Welcome to my web log, published via Blogger Pro. Below are some links to recent baseball-related articles I found of interest, with my own two cents thrown in. Feel free to chime in via the comments link at the bottom of each post (powered by YACCS), or use my Contact page, or my email address, jay@futilityinfielder.com.

Here are the weekly archives of this blog, assuming Blogger hasn't screwed up again. If an archive appears to be missing, you can try hunting for it via the subdirectory. Please note that because of repeated difficulties I've had with Blogger, I no longer recommend their service and will be taking steps to switch to a new one in the near future.

Saturday, November 23, 2002

Nice Move, DIPShit

I went back to playing around with the pitching spreadsheet I used to calculate my DIPS numbers referred to in the article below, and discovered that I made an error in calculating the Yankee park factor.
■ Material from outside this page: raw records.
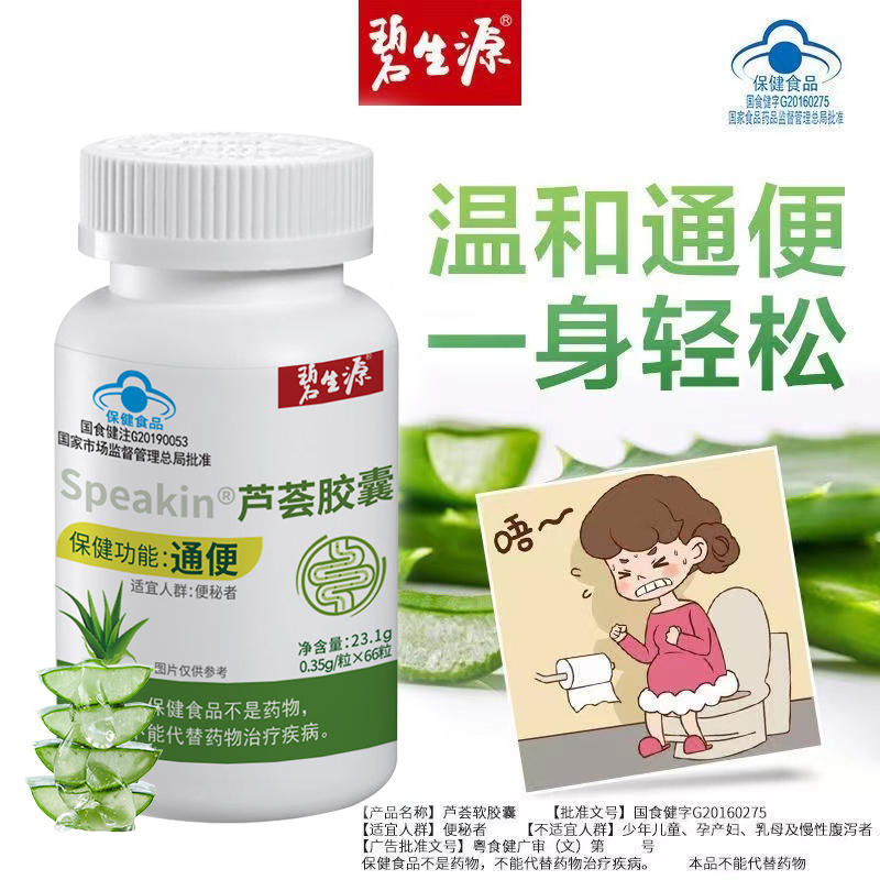 碧生源芦荟胶囊66粒男女便秘者润肠通便排宿便常润非茶官方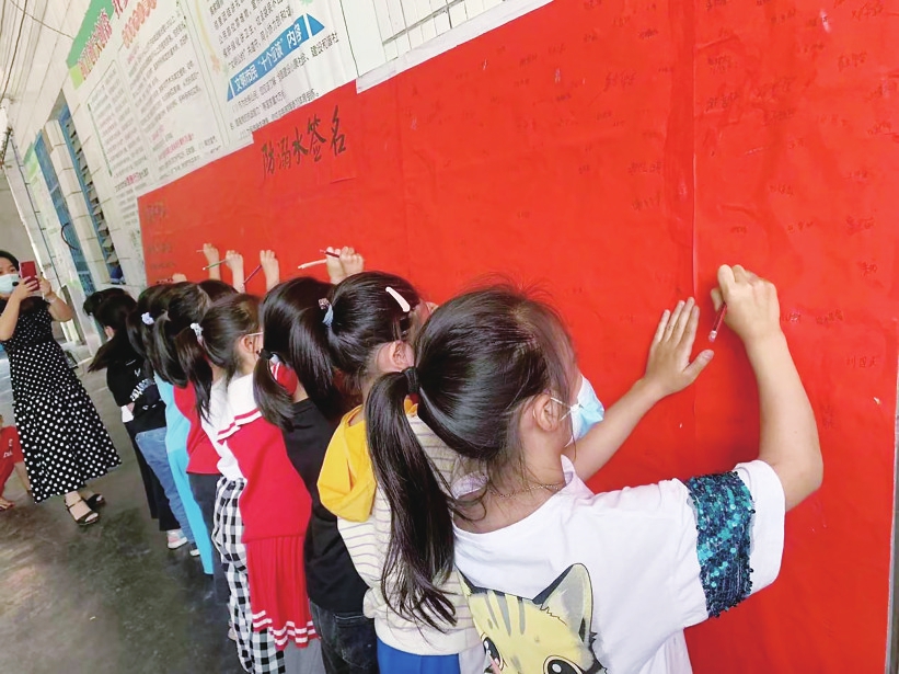 4月15日,茂名市电白区观珠镇中心小学开展“预防溺水 珍爱生命”宣誓活动暨安全教育大会,全体学生签下自己的姓名,承诺遵守做到防溺水“六不准”。
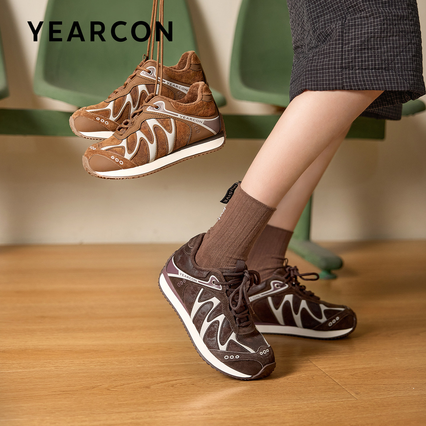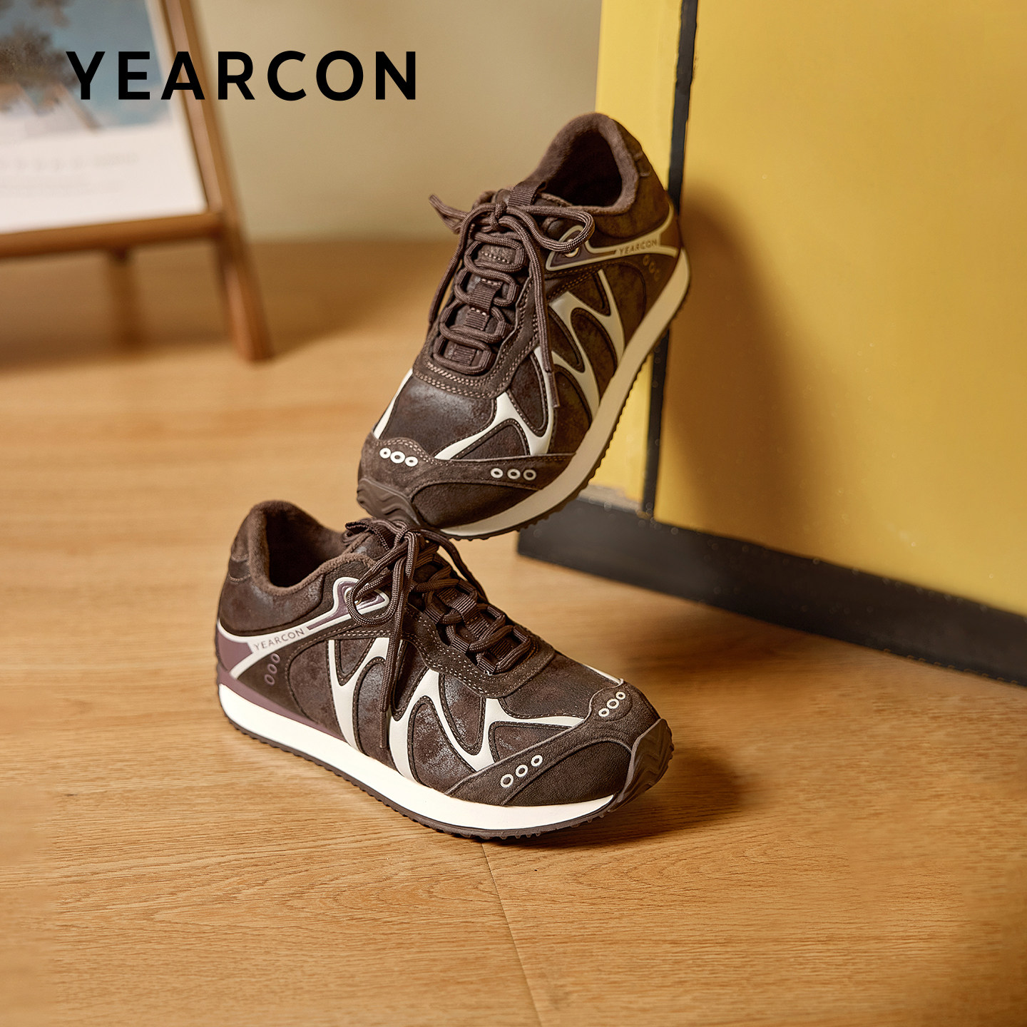 意尔康厚底加绒德训鞋女2025新款冬百搭阿甘鞋休闲运动板鞋老爹鞋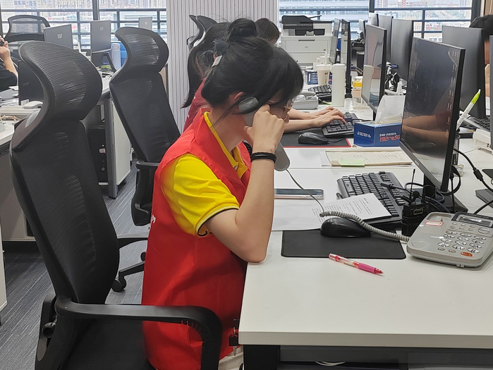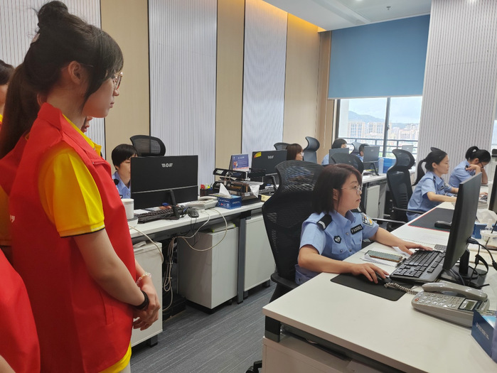 在实践队员跟林警官会面后,林警官随即带领队伍参观反诈中心,熟悉公安在防范诈骗以及发生诈骗时相关部门应如何应对的流程。队员们走进反诈中心的预警处置室,了解了反诈民警日常工作之一的打预警劝阻电话。警官还邀请队员体验充当预警员,向有被诈骗风险的人进行风险劝阻,体验过后方知警员日常工作的辛苦与不容易。在该区域对面,入驻了八家银行的金融防卫室,在这里警员们可以快速查出受害人的银行流水。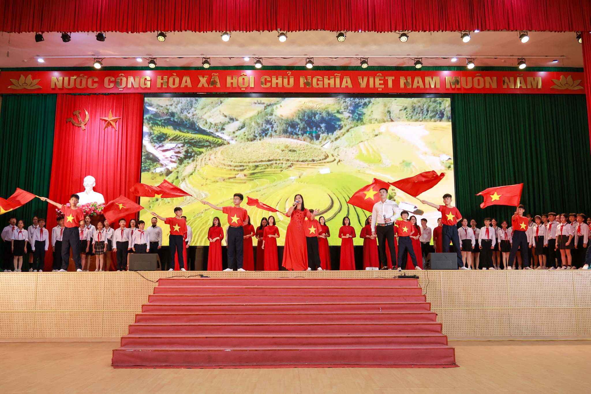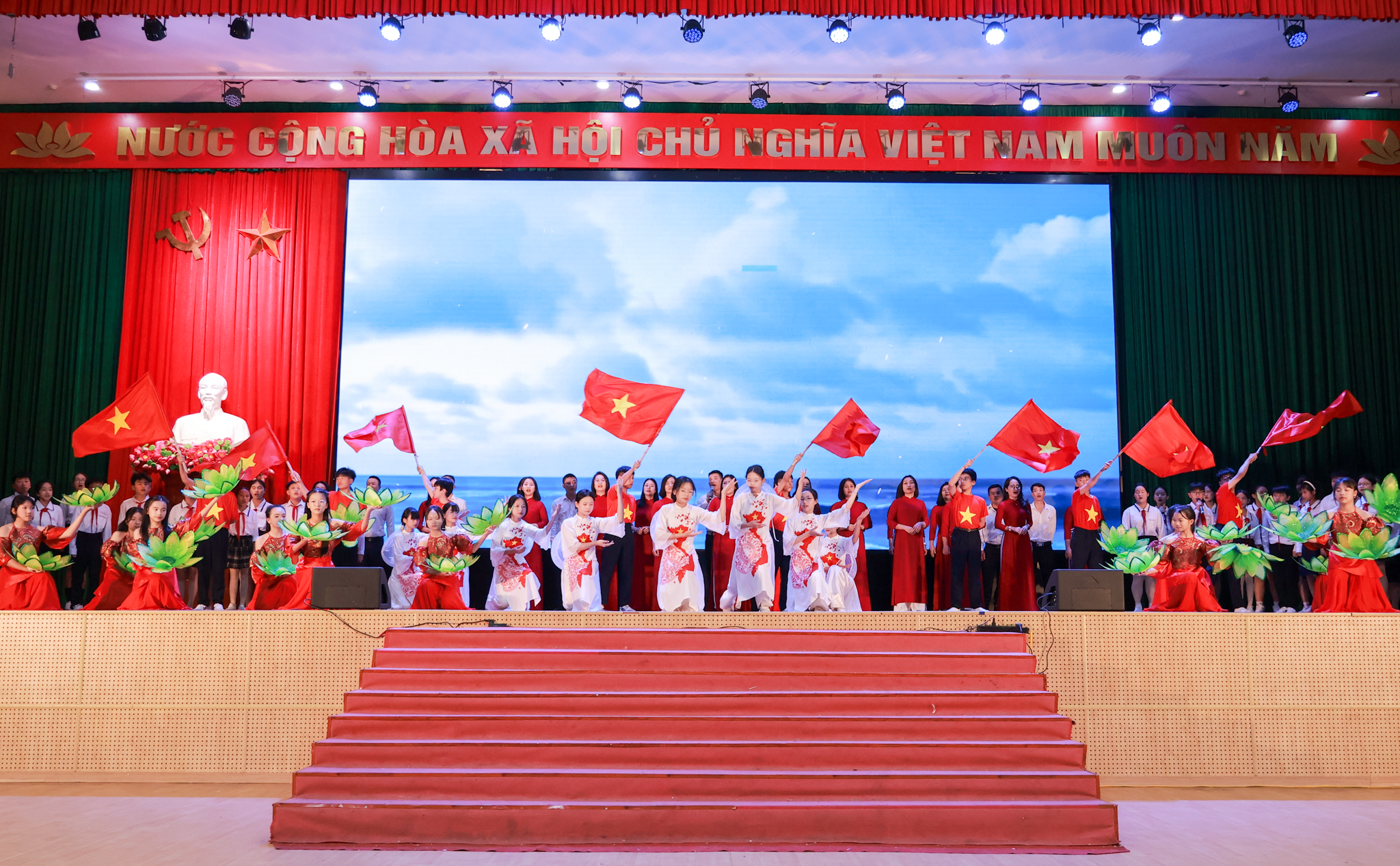 Đáng chú ý, nhiều tiết mục được thể hiện bởi cán bộ, giáo viên, học sinh và người lao động đến từ các đơn vị, trường học trên địa bàn, qua đó cho thấy phong trào văn hóa, văn nghệ quần chúng ngày càng phát triển, gắn bó chặt chẽ với nhiệm vụ chính trị và đời sống xã hội tại địa phương.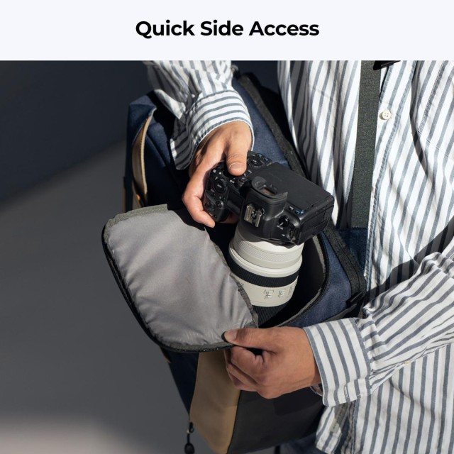 - * 【Apertura lateral para un acceso rápido】 La mochila para cámara K&F Concept 20L Blue es flexible, resistente y ligera, ideal para la fotografía, el senderismo y los viajes. Gracias a su apertura lateral, te permite acceder rápidamente a la cámara u otro equipo cuando necesitas capturar el momento.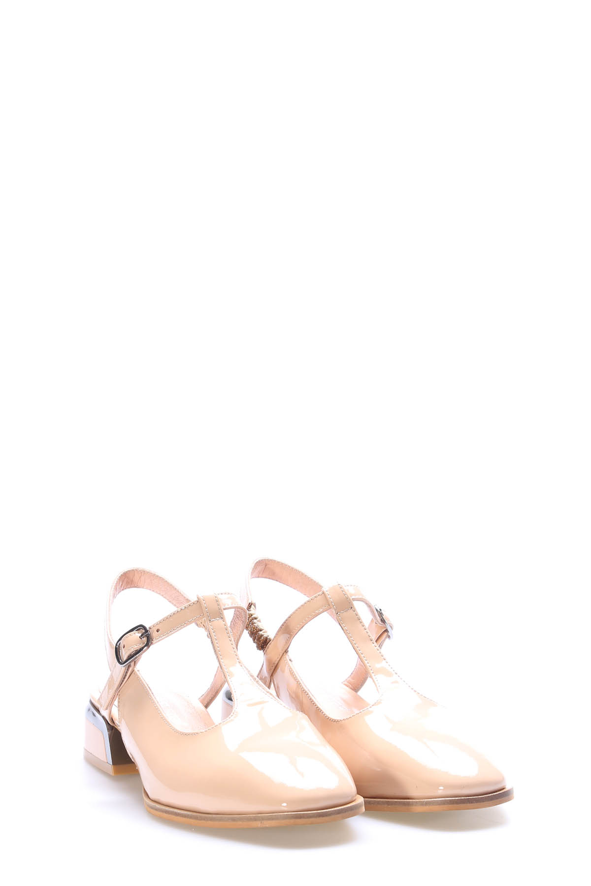 Laviovil İçi Dışı Hakiki Rugan Deri Bej Kadın Kısa Topuklu Ayakkabı AH08064261217

Basically, I transposed two digits for the Yankee home at-bat total, which should have been 2907 instead of 2097. Needless to say, those missing 810 ABs change things a bit. In this case they take the Yankee Stadium Park HR Factor from 1.054 to 0.968, and slightly lower the Yankee starters' DIPS ERAs by a few points. So I'll rerun that last chart:
             ERA   dERA   BABIP
Pettitte 3.27 3.28 .317
Clemens 4.35 3.34 .316
Mussina 4.05 3.73 .290
Hitchcock 5.49 3.81 .373
Wells 3.75 3.87 .284
Hernandez 3.64 3.91 .264
Weaver 4.04 4.11 .283 (NY only)
Weaver 3.52 3.81 .280 (TOT)
Yankees 3.87 3.71 .293
League 4.46 4.46 .290
The change is most apparent in the more homer-prone Yankee pitchers; Mussina, Weaver, and Hernandez all lower their dERA by more than a tenth of a run. And the team's dERA goes down to 3.71, compared to their 3.87 ERA, showing a bit more clearly how the below-average Yankee defense against balls in play cost the team a few runs here and there. Also note that I calculated full-season dERA for Weaver because I finally got around to calculating the Comerica Park HR Factor.

These new figures don't alter any of the other observations I made, but I might as well add a few other notes about the process, while I'm revisiting the calculations:

1. Team stats for the Yanks were taken from ESPN.com. League stats were taken from ESPN.com and MLB.com, with the latter figures used in case of any discrepancy.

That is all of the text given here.